══ The data ══
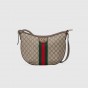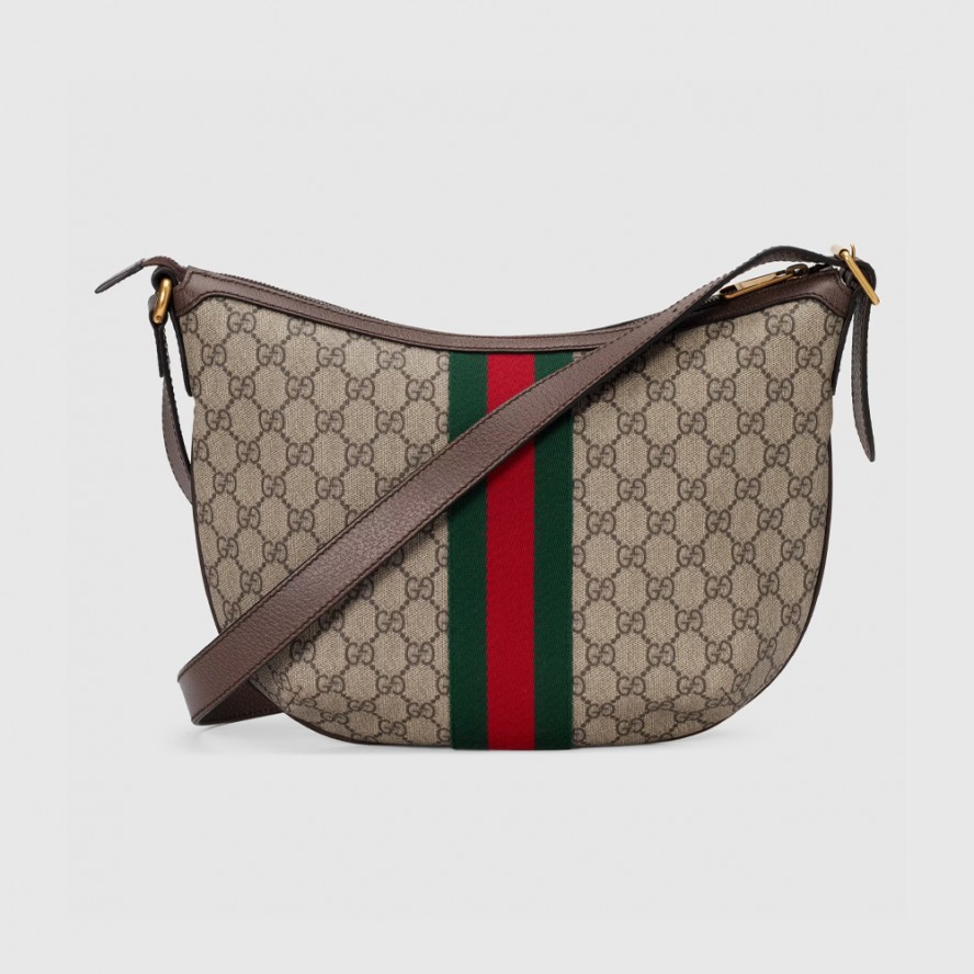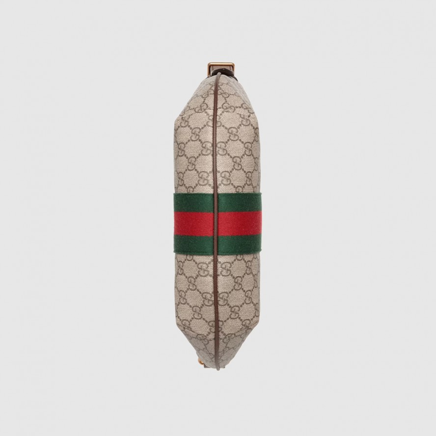 グッチの代表的なモチーフ、ダブルGとウェブ ストライプをクラシカルに組み合わせた〔オフィディア〕ラインに、新たなフォルムやシルエットを取り入れた新作が登場。ハーフムーンシェイプは、1950年代後半からグッチの人気モデルとなっているホーボーバッグの系譜を受け継ぐ特徴的なスタイルです。GGスプリーム キャンバスで仕立て、テクスチャードレザーのトリムを施し、ダブルGハードウェアをあしらいました。 |
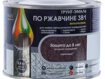 - Специален “Грунд-емайл за ръжда 3 в 1” подходящ както за боядисване на метални конструкции с очевидни признаци на корозия, така и за обработка на метал без ръжда. Подходящ за използване на открито. Основното условие е, че не може да се нанася върху бои, направени на нитратна основа. Отзивите потвърждават високата ефективност на тази смес в борбата с корозията, а купувачите подчертават нейната икономична консумация и широка гама от цветове..
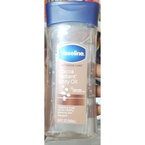 Vaseline Total Moisture Cocoa Radiant vitalizing body gel oil leaves your skin feeling healthy and glowing. Our rich feel formula with pure cocoa butter, used after bathing, replenishes skin and locks in moisture for naturally glowing skin.Keeping skin amazing.Body OilUnileverActive Ingredients:Mineral Oil; Hydrogenated Styrene/Butadiene Copolymer; Bertholletia Excelsa Seed Oil (Brazil Nut); Prunus Amygdalus Dulcis Oil (Sweet Almond); FragranceUses:When skin is healthy and hydrated, light reflects off the rich color below the surface, giving it an amazing natural glow. But daily showers strip natural, protecting oils from skin allowing essential moisture to evaporate. Used after bathing, replenishes skin and locks in moisture for naturally radiant skin. Brazilian nut oil - rich in essential nutrients known to boost skin's moisture barrier. Almond oil - naturally high in minerals and known antioxidants.
═══
**What to work on**
From the data above, write out everything exactly except the pictures.

**Reply to the task**
 グッチの代表的なモチーフ、ダブルGとウェブ ストライプをクラシカルに組み合わせた〔オフィディア〕ラインに、新たなフォルムやシルエットを取り入れた新作が登場。ハーフムーンシェイプは、1950年代後半からグッチの人気モデルとなっているホーボーバッグの系譜を受け継ぐ特徴的なスタイルです。GGスプリーム キャンバスで仕立て、テクスチャードレザーのトリムを施し、ダブルGハードウェアをあしらいました。 |
 - Специален “Грунд-емайл за ръжда 3 в 1” подходящ както за боядисване на метални конструкции с очевидни признаци на корозия, така и за обработка на метал без ръжда. Подходящ за използване на открито. Основното условие е, че не може да се нанася върху бои, направени на нитратна основа. Отзивите потвърждават високата ефективност на тази смес в борбата с корозията, а купувачите подчертават нейната икономична консумация и широка гама от цветове..
 Vaseline Total Moisture Cocoa Radiant vitalizing body gel oil leaves your skin feeling healthy and glowing. Our rich feel formula with pure cocoa butter, used after bathing, replenishes skin and locks in moisture for naturally glowing skin.Keeping skin amazing.Body OilUnileverActive Ingredients:Mineral Oil; Hydrogenated Styrene/Butadiene Copolymer; Bertholletia Excelsa Seed Oil (Brazil Nut); Prunus Amygdalus Dulcis Oil (Sweet Almond); FragranceUses:When skin is healthy and hydrated, light reflects off the rich color below the surface, giving it an amazing natural glow. But daily showers strip natural, protecting oils from skin allowing essential moisture to evaporate. Used after bathing, replenishes skin and locks in moisture for naturally radiant skin. Brazilian nut oil - rich in essential nutrients known to boost skin's moisture barrier. Almond oil - naturally high in minerals and known antioxidants.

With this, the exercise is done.